Besides making the code somewhat cleaner, this allows them to be more
easily dropped as part of `pop_skolemized`. This change also refactors
the code a bit to remove some intermediate data structures that are no
longer particular useful (e.g., VarValue).
Niko Matsakis [Thu, 21 Apr 2016 09:15:53 +0000 (05:15 -0400)]
warn if leak-check relies on LBRs that will change
When we do a "HR subtype" check, we replace all late-bound regions (LBR)
in the subtype with fresh variables, and skolemize the late-bound
regions in the supertype. If those skolemized regions from the supertype
wind up being super-regions (directly or indirectly) of either
- another skolemized region; or,
- some region that pre-exists the HR subtype check
- e.g., a region variable that is not one of those created
to represent bound regions in the subtype
then the subtype check fails.
What will change when we fix #32330 is that some of the LBR in the
subtype may become early-bound. In that case, they would no longer be in
the "permitted set" of variables that can be related to a skolemized
type.
So the foundation for this warning is to collect variables that we found
to be related to a skolemized type. For each of them, we have a
`BoundRegion` which carries a `Issue32330` flag. We check whether any of
those flags indicate that this variable was created from a lifetime
that will change from late- to early-bound. If so, we issue a warning
indicating that the results of compilation may change.
This is imperfect, since there are other kinds of code that will not
compile once #32330 is fixed. However, it fixes the errors observed in
practice on crater runs.
Niko Matsakis [Thu, 21 Apr 2016 09:10:10 +0000 (05:10 -0400)]

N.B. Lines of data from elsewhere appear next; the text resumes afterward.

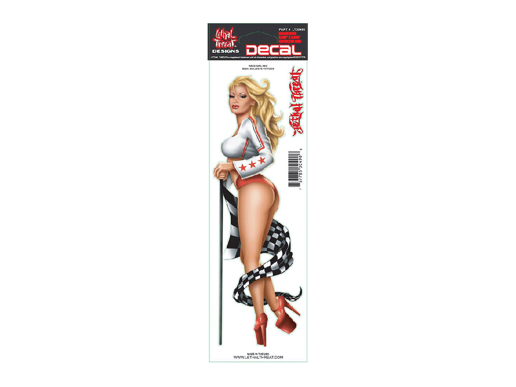 LETHAL THREAT Наклейка RACE GIRL RED 3*10IN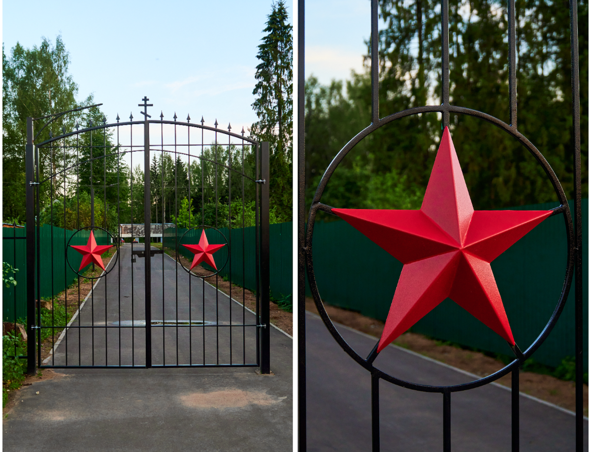 Привет. Одним летним вечером я взяла свой велосипед и отправилась в путь. Сначала хотела просто сделать много красивых фотографий, которые передают эстетику деревенской жизни, чем, впрочем, и успешно занималась. Посмотреть их можно вот тут, в моём Telegram-блоге. А затем внезапно решила съездить на мемориал. Мама давно мне говорила его посетить: там сделали ремонт, и он очень изменился. Первое, что бросилось в глаза, — красивые кованые ворота с ещё новой и не облезшей краской. Раньше там был невысокий заборчик и калиточка, всё потрескавшееся от времени. Сейчас же ворота сделали очень высокими — сразу видно, что это официальный вход. Выглядит очень красиво и современно. Большим нововведением стал Вечный огонь. Раньше его зажигали только на 9 Мая, сейчас провели газ и подключили на постоянной основе. Приятно, что администрация посёлка вкладывается в его развитие, особенно в такую важную часть. Братское кладбище у нас находилось в лесу. Идешь по узенькой, протоптанной лесной тропинке, а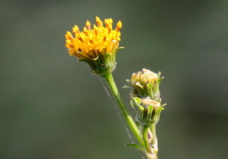 - 花期は9~11月。枝先に直径約5mmの黄色の頭状花(柄の無い花が集まったもの)をつける。頭状花は管状花のみ。実はそう果で、熟すと球状になる。先端に2~3本の刺状の冠毛があり、衣服などに付く。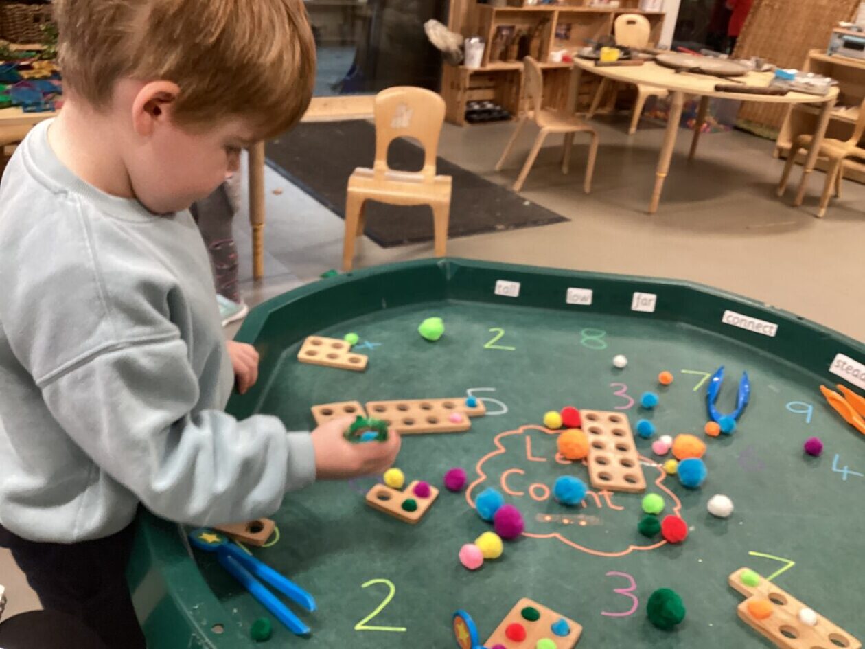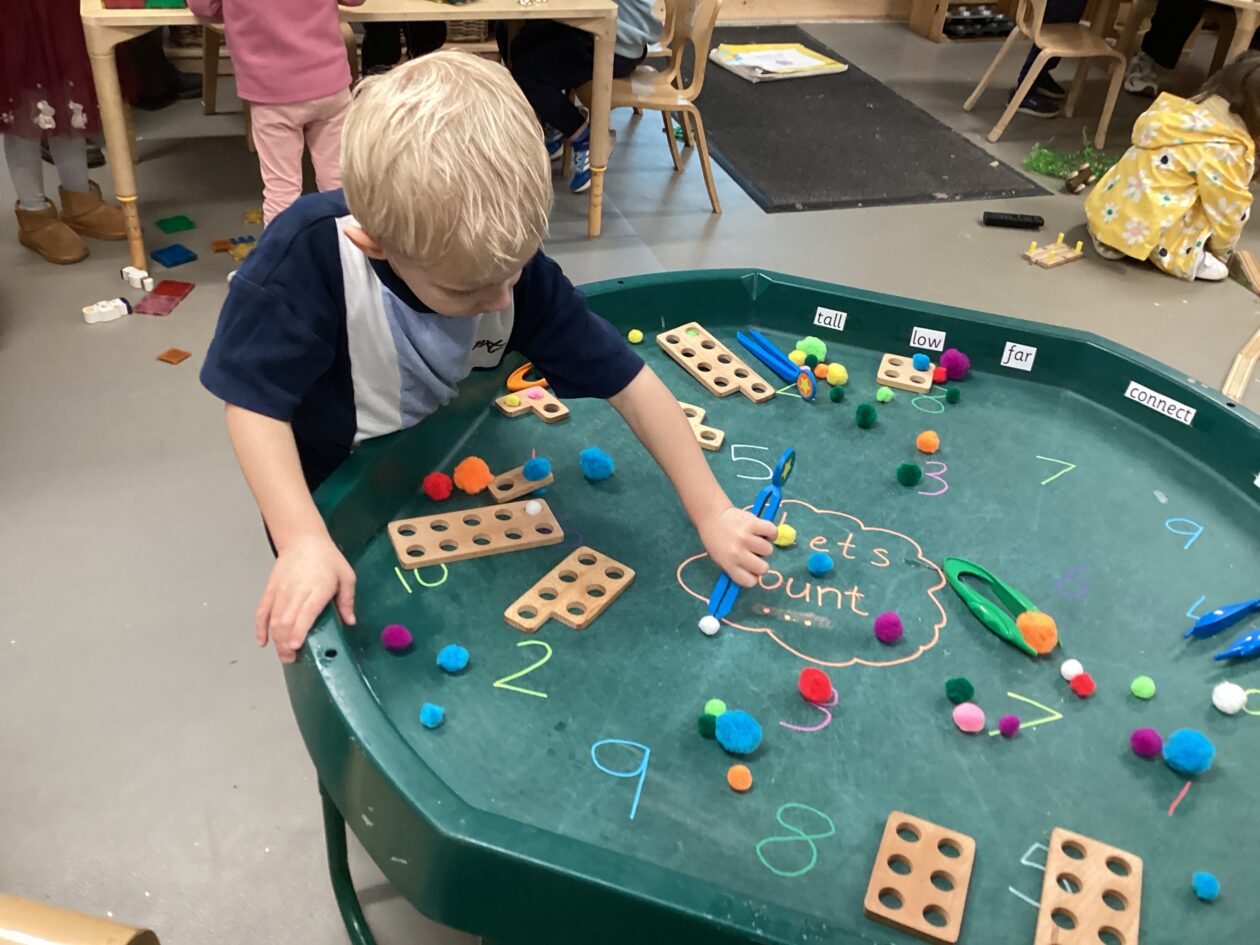 We have also been exploring numbers in the tuff tray, using the numicon and pom poms. We used the tweezers to add pom poms to the holes in the numicon and then touch counted to find out how many we had. Some children were also able to subitise to identify the number of holes. We then found the matching numbers written on the tray.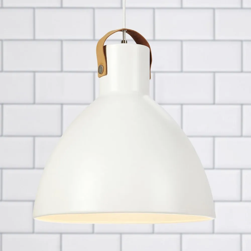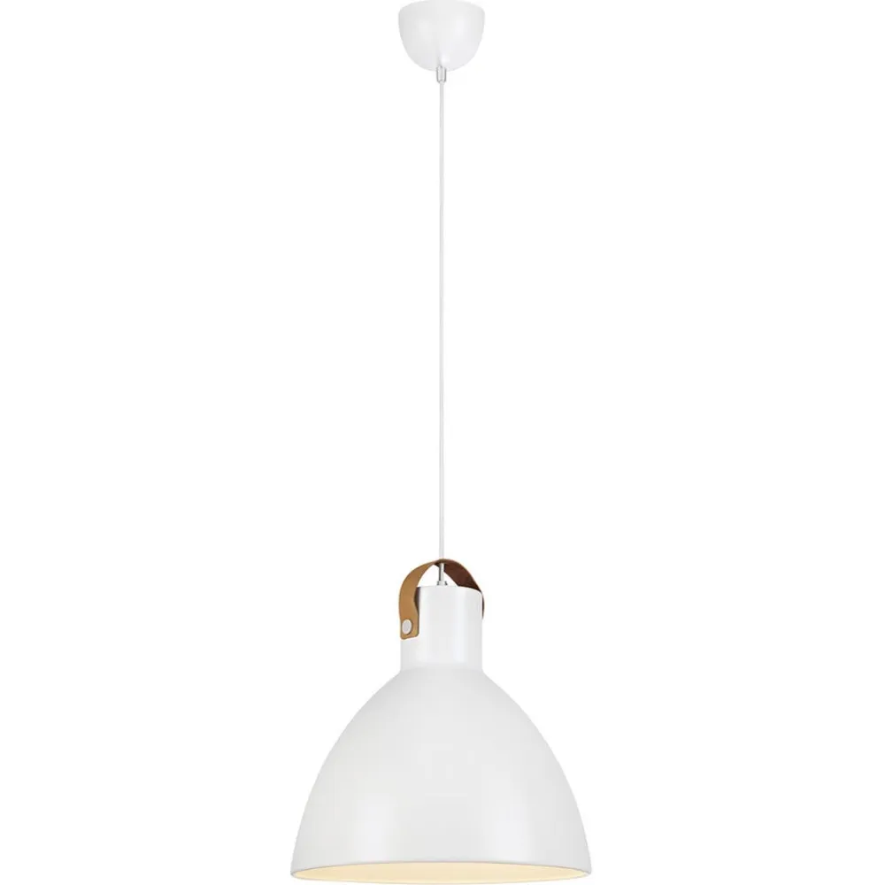 Den enkle metalliske kuppelformede skærm med cylindrisk øvre afslutning suppleres farvemæssigt af tekstilkabelet. En lædersløjfe på skærmen tilføjer et livgivende element.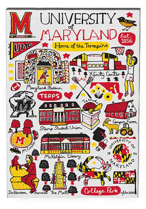 Showcase your Maryland Terrapins spirit on your fridge at work or at home with this Maryland Terrapins Julia Gash Jumbo Magnet. This Magnet features a hand drawn illustrations of campus landmarks by Julia Gash.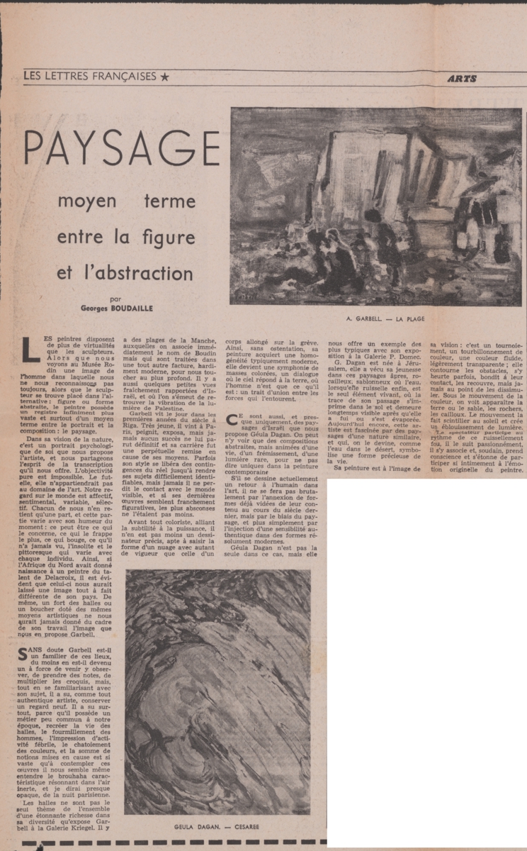 Απόκομμα, χαρτί, 40.5×42 εκ., στα γαλλικά, δημοσίευσης κριτικής εκθέσεων των Alexandre Garbell και Geula Dagan, οι οποίες διεξάγονται στις γκαλερί Pierre Domec και Kriegel στο Παρίσι.
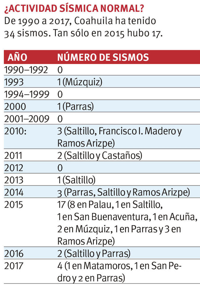 De acuerdo con las declaraciones del estudioso sobre el tema, en Coahuila, de 2014 a 2015, la cantidad de sismos aumentó de 3 hasta 17 sismos. Y relacionó la baja y el aumento del nivel sismológico, de acuerdo con el precio del gas.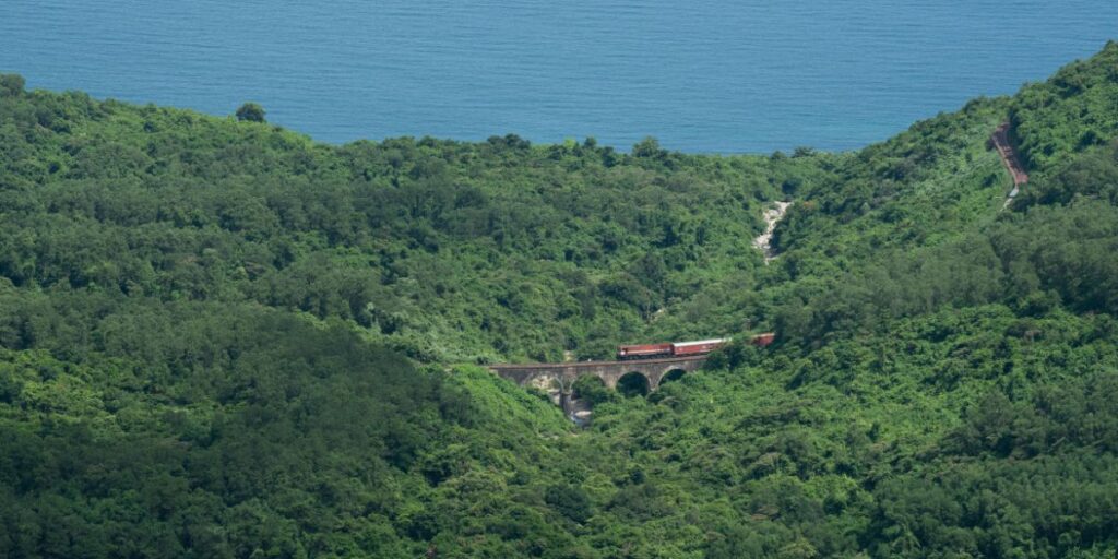 La gare de Danang est une étape sur la ligne reliant Hanoï à Hô Chi Minh-Ville. Le trajet en train est une expérience authentique, notamment sur la portion Hué-Danang, offrant des paysages spectaculaires le long de la côte et à travers les montagnes.
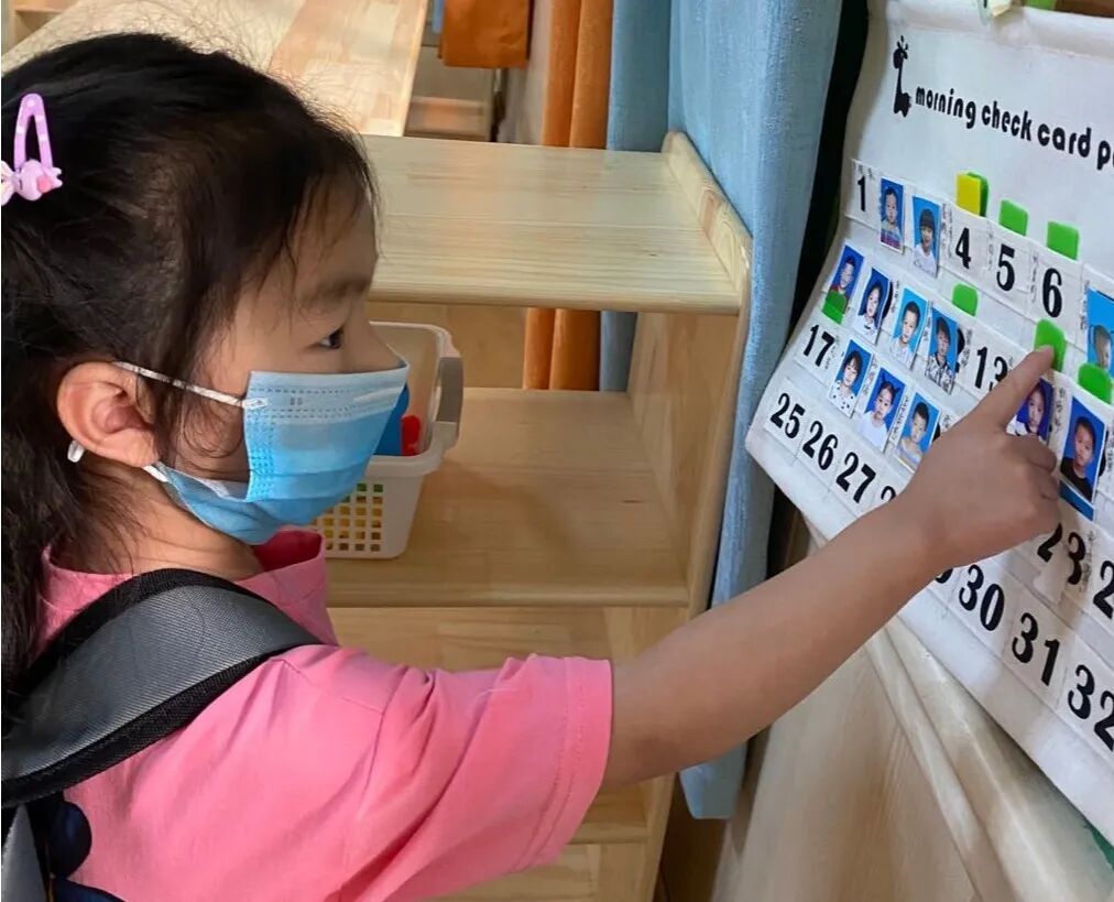 入班插晨检卡、换鞋和整理书包。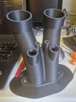 OK, her har det ikke vært så mange oppdateringer de siste par ukene, men sånn er det når man ikke bare skal designe og bygge deler til en motor, men man samtidig bygger og oppgraderer maskinen som skal lage delene... Det dreier seg selvsagt om en 3d-printer, og vi har en printer som har byggevolum på 350x350x350 mm og den har fungert bra i lang tid, men vi begynte å få problemer med at ledningene som går inne i kabelgater begynte å få brudd, så da tenkte vi det var lurt å bygge om til CAN-buss styring av det som foregår på verktøyhodet, og det var ikke bare-bare.... Men etter noen uker med banning over linux og annen sort magi, fikk Atle dette i gang, og vi kunne begynne å sette opp printeren til å printe i det aktuelle materialet. Planen var å printe innsuga i karbonforsterket nylon, og det er et ganske kilent materiale å få til. Både fordi det ikke sitter så godt fast i byggepplata, og fordi det har en tendens til å "warpe" når det kjøles ned. Så det ble et par runder med resultater som dette: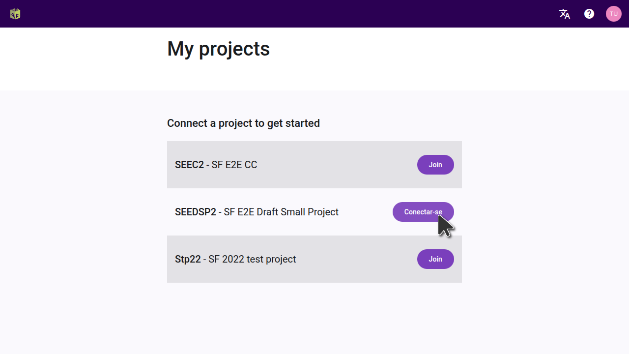 From the displayed list, you shall be able to Open projects if they are already connected. You can also join a project or click on “Connect” to connect a project for the first time in Scripture Forge.

add `Issue32330` warning marker to bound regions
This indicates whether this `BoundRegion` will change from late to early
bound when issue 32330 is fixed. It also indicates the function on
which the lifetime is declared.
Niko Matsakis [Wed, 20 Apr 2016 23:51:56 +0000 (19:51 -0400)]
make HR algorithms account for region subtyping
Currently, we consider region subtyping a failure
if a skolemized lifetime is relatable to any
other lifetime in any way at all. But a more precise
formulation is to say that a skolemized lifetime:
- must not have any *incoming* edges in the region graph
- only has *outgoing* edges to nodes that are `'static`
To enforce the latter requirement, we add edges from `'static -> 'x` for
each lifetime '`x' reachable from a skolemized region.
We now have to add a new `pop_skolemized` routine to do cleanup.
Whereas before if there were *any* edges relating to a skolemized
region, we would return `Err` and hence rollback the transaction, we now
tolerate some edges and return `Ok`. Therefore, the `pop_skolemized`
routine runs and cleans up those edges.